### GIVEN MATERIAL ###

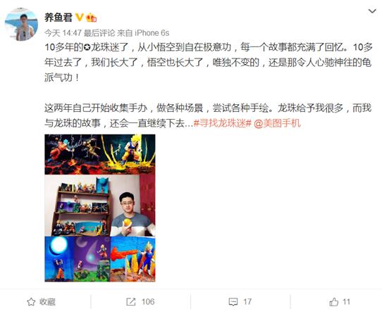 几天前,美图手机官方发起了一个#寻找龙珠迷#的话题活动,只要网友晒出自己的手办或者其他证明自己是七龙珠粉,就有可能被抽中美图M8s七龙珠限量版手机一台。就是这样一个普普通通的品牌营销活动,1天话题量就超过百万了,七龙珠粉可以说都“炸”了,恨不得“翻家底”来证明自己是“最铁龙珠粉”,不少粉丝甚至表示,美图M8s七龙珠限量版手机是他们现在最想要的“周边”。
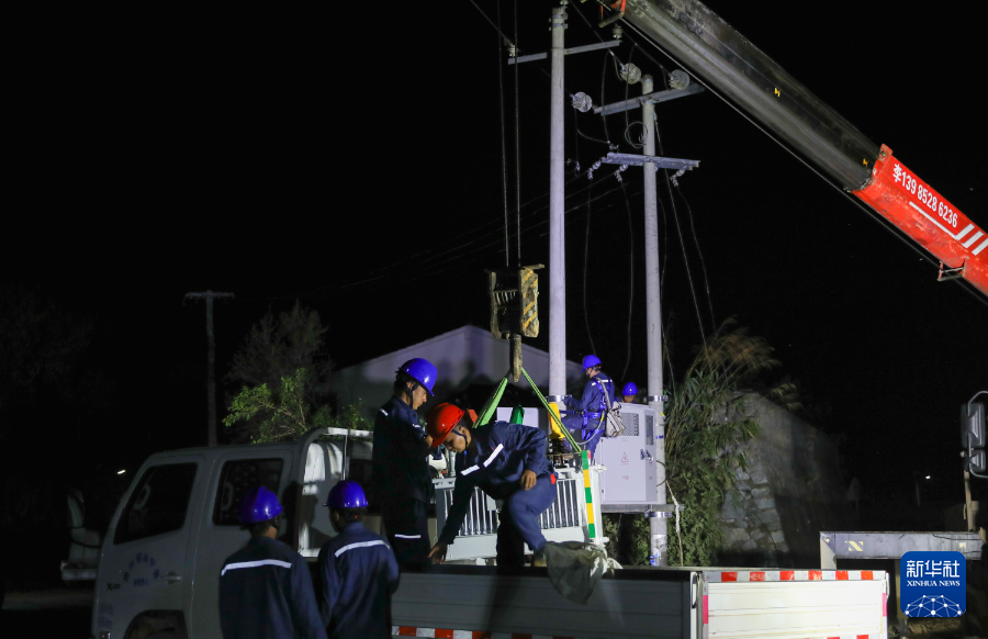 南方电网贵州凯里供电局抢修人员在榕江县兴华水族乡开展变压器吊装、更换工作。(张宇慧 摄)
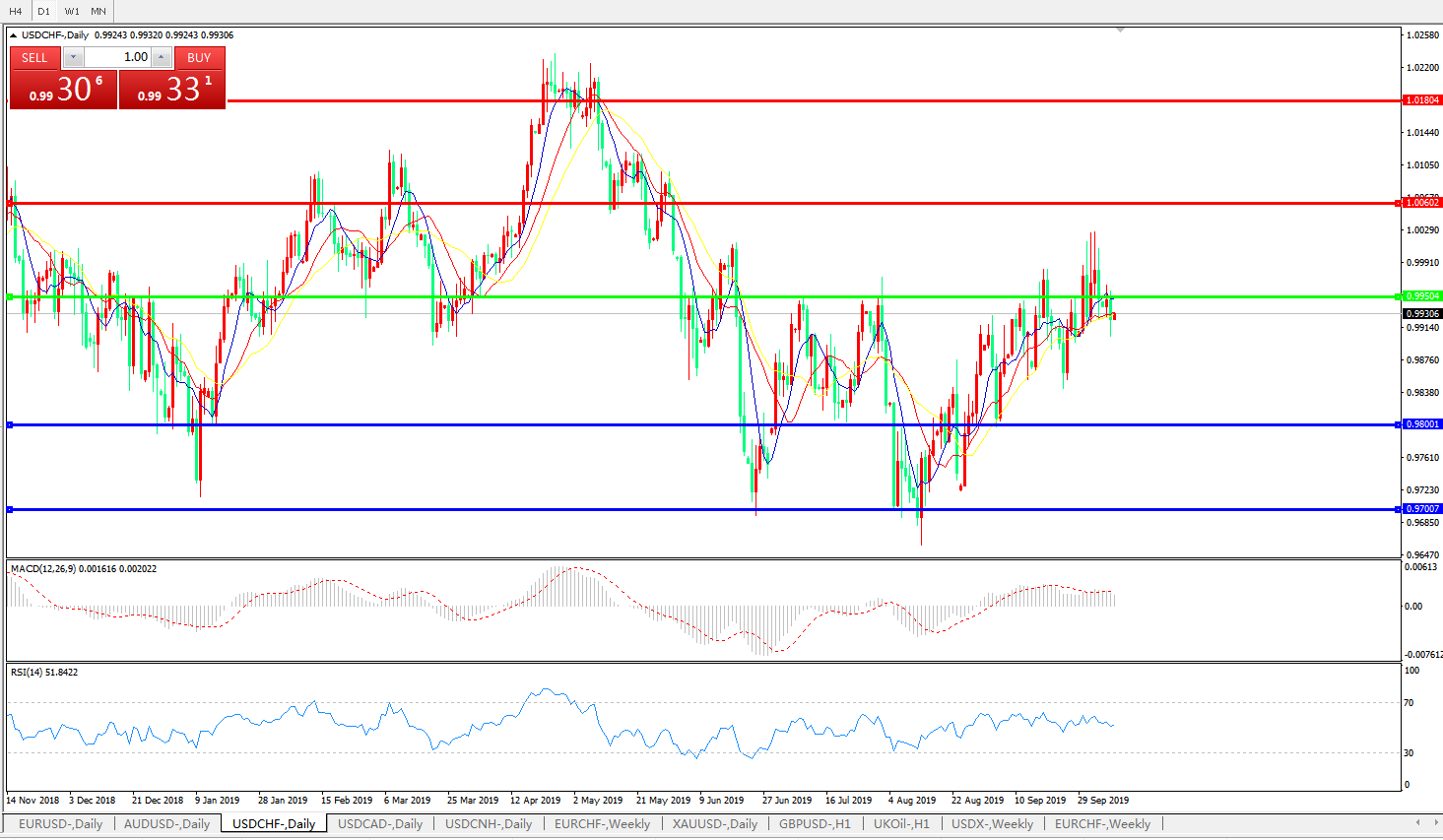 交易策略:0.9950下方看跌,目标0.9800、0.9700

###

TASK DETAILS ->
Retype the material in full, exactly as written, and exclude the pictures.

PROBLEM SOLUTION ->
 几天前,美图手机官方发起了一个#寻找龙珠迷#的话题活动,只要网友晒出自己的手办或者其他证明自己是七龙珠粉,就有可能被抽中美图M8s七龙珠限量版手机一台。就是这样一个普普通通的品牌营销活动,1天话题量就超过百万了,七龙珠粉可以说都“炸”了,恨不得“翻家底”来证明自己是“最铁龙珠粉”,不少粉丝甚至表示,美图M8s七龙珠限量版手机是他们现在最想要的“周边”。
 南方电网贵州凯里供电局抢修人员在榕江县兴华水族乡开展变压器吊装、更换工作。(张宇慧 摄)
 交易策略:0.9950下方看跌,目标0.9800、0.9700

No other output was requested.